Plenty around my house. Habitat can change a lot in 10-15 years.


----------



## downrange (Dec 25, 2010)

Patman75 said:


> Plenty around my house. Habitat can change a lot in 10-15 years.


Youre absolutely correct about habitat changing. My areas have actually changed for the better. Wider fence rows, pasture allowed to over-grow, small ag field no longer planted and allowed to go natural, still plenty of food and water, etc... It truly baffles me. Ide also say that it has pretty much been in the past 5yrs that ive noticed the biggest change in numbers of bunnies. 
Im in the Lansing area of the state, btw. Forgot to mention that. 




Sometimes life is greasy.


----------



## SlapchopKid (Aug 10, 2010)

Dog barks all the time during the night at em. Behind the house. 

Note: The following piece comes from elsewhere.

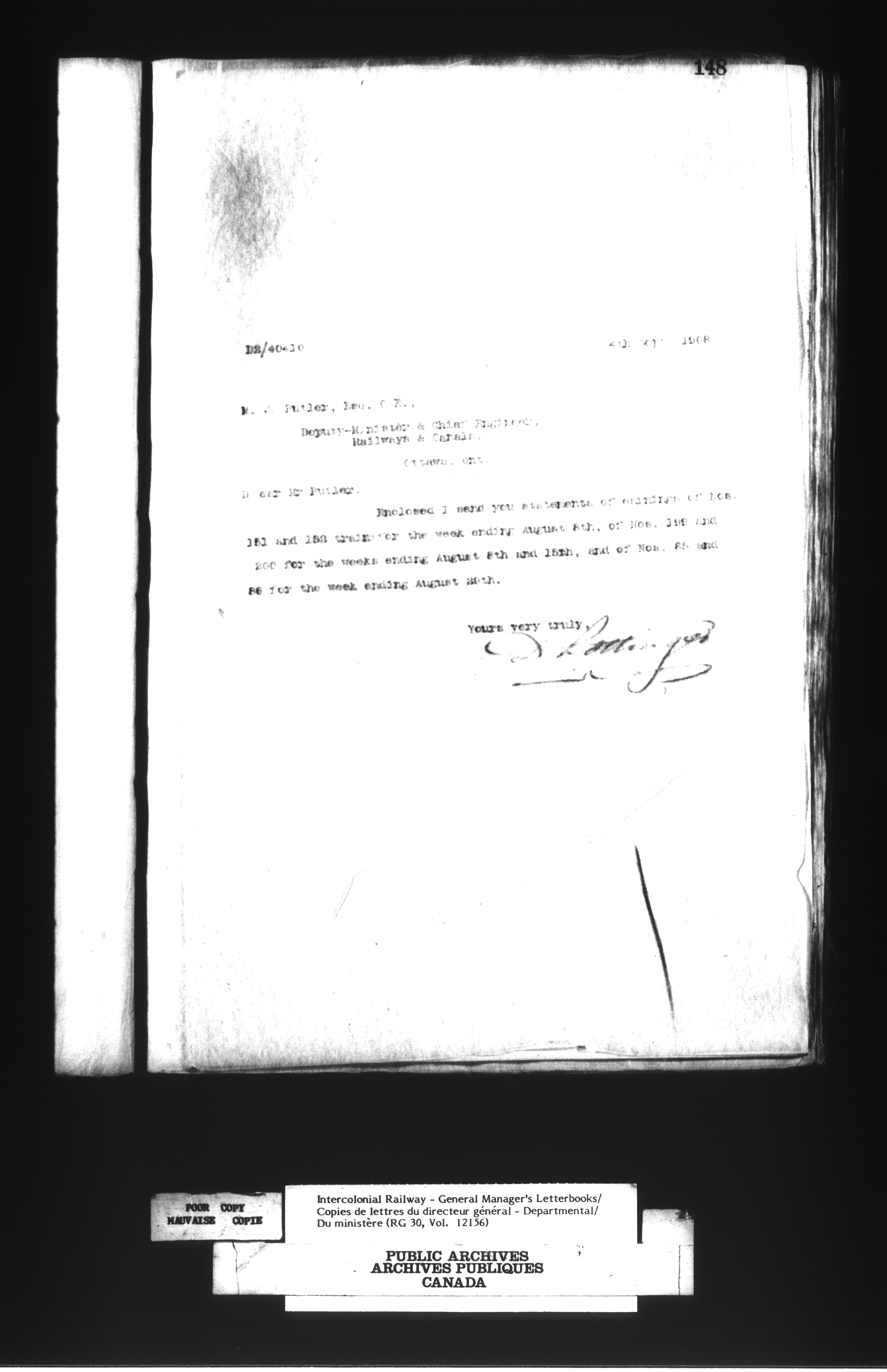 Canadian Government Railways : Office of the General Manager, Outward correspondence with Department of Railways and Canals, 1893-1913 - 12489

posted using Outdoor Hub Campfire


----------



## john warren (Jan 25, 2005)

one thing you can do to help is create rabbittat. brushpiles designed to provide them a home and shelter. if your on public land this has to be coordinated with the dnr. on private land the owner can build as much as they want.
there is an increase in hawks so that may have an effect. but any one area can have population surges, and droughts. 
besides,,,this is the perfect excuse to get a beagle. i sugjest a association of rabbit hounds dog . their dogs are bred to hunt,,, not show.


----------



## john warren (Jan 25, 2005)

oh,,,and as an aside,,, my old cocker spaniel, well over the hill, jumped a rabbit last night when i let him out. got him circled half way back around to me before the poor old guy ran out of steam and stopped chaising.

ever notice? once your over the hill,,,you start picking up speed.


----------



## Neal (Mar 20, 2001)

With a surplus of dead X-mas trees about to become available, you could make some great brushpiles.


----------



## downrange (Dec 25, 2010)

Neal said:


> With a surplus of dead X-mas trees about to become available, you could make some great brushpiles.

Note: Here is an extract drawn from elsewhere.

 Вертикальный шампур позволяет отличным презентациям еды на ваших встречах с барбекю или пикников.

Good idea! Im gonna give it a shot. 


Sometimes life is greasy.


----------



## Lumberman (Sep 27, 2010)

What makes for good rabbit habitat? I wondered if I could drop some on my newly cut thick filled with Brush pile property and have them take up residence. DNR approved obviously. 

In 20yrs I think one Rabbit up there. Lake county but now we have thick cover and some AG crops. 

Thoughts?


----------



## Neal (Mar 20, 2001)

Here's some ideas.

http://www.michigan-sportsman.com/forum/showthread.php?t=322041&highlight=operation+rabbitat


----------



## dead short (Sep 15, 2009)

I've got about four acres of a virtual rabbit paradise. Eight years ago it was part of a wheat field. We bought our lot (about 7 acres), built a house, and mow about three acres. The rest was reclaimed by the nature gods. Filled in nicely with all sorts of waist high grass, golden rod, dogwood, cattails, rise bushes, and the enemy (autumn olive-lots of it). The AO is growing like crazy, but where it is, it's not hurting anything. It's nothing to see 4-5 rabbits each time you come in and out of the driveway. 

The way it's situated, no one can hunt in there because of safety zone considerations. 

Posted from my iPhone.


----------



## limige (Sep 2, 2005)

Come on dead short you know all that means is you need permission it doesn't mean you can't hunt it


----------



## Lumberman (Sep 27, 2010)

Neal said:


> Here's some ideas.
> 
> http://www.michigan-sportsman.com/forum/showthread.php?t=322041&highlight=operation+rabbitat


That's great Neal. How have your results been?


----------



## dead short (Sep 15, 2009)

limige said:


> Come on dead short you know all that means is you need permission it doesn't mean you can't hunt it


I know my neighbor would let me, but my kids named all the babies in all five litters that were born in our landscaping and under our pear tree this summer. I would have to at least cross the road into the SGA. 



Posted from my iPhone.


----------



## FREEPOP (Apr 11, 2002)

Dead Short ..you should get ahold of Ivan and have me bring the dogs over. You guys do the shooting.


----------



## dead short (Sep 15, 2009)

FREEPOP said:


> Dead Short ..you should get ahold of Ivan and have me bring the dogs over. You guys do the shooting.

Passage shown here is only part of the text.